START Excerpted data

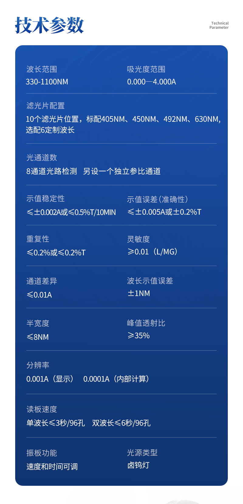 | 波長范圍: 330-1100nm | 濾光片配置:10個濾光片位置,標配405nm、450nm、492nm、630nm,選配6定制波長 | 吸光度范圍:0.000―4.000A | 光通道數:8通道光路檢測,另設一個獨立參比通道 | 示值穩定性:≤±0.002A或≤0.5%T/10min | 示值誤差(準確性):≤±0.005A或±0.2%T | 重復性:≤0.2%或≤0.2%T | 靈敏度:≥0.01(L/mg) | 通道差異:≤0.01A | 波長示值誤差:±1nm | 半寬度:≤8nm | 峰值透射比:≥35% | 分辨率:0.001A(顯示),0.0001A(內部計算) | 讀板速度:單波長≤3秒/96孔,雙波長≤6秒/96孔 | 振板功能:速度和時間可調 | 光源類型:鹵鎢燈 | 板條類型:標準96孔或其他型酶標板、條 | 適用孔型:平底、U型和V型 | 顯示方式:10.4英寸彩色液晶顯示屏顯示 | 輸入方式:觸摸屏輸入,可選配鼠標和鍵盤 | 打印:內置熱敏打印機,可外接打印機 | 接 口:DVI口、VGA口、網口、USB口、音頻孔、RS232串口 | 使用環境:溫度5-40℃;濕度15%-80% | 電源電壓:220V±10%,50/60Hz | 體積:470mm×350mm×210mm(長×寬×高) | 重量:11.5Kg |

END Excerpted data
START Excerpted data

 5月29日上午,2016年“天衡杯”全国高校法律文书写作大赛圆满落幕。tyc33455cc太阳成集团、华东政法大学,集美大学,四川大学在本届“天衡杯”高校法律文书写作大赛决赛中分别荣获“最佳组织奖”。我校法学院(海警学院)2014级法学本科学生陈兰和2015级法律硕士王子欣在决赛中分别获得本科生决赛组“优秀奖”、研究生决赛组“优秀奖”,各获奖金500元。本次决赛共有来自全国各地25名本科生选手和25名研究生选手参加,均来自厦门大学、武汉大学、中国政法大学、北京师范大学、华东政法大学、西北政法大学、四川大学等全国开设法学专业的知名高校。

END Excerpted data
START Excerpted data

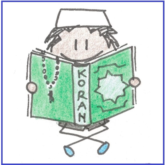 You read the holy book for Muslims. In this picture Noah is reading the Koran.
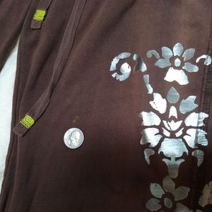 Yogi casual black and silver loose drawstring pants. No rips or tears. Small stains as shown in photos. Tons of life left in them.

END Excerpted data

What is expected:
Print everything from the line with "You read the" down to the line with "Yogi casual black" in the entries above, both lines included and nothing more, without the pictures.

Result:
 You read the holy book for Muslims. In this picture Noah is reading the Koran.
 Yogi casual black and silver loose drawstring pants. No rips or tears. Small stains as shown in photos. Tons of life left in them.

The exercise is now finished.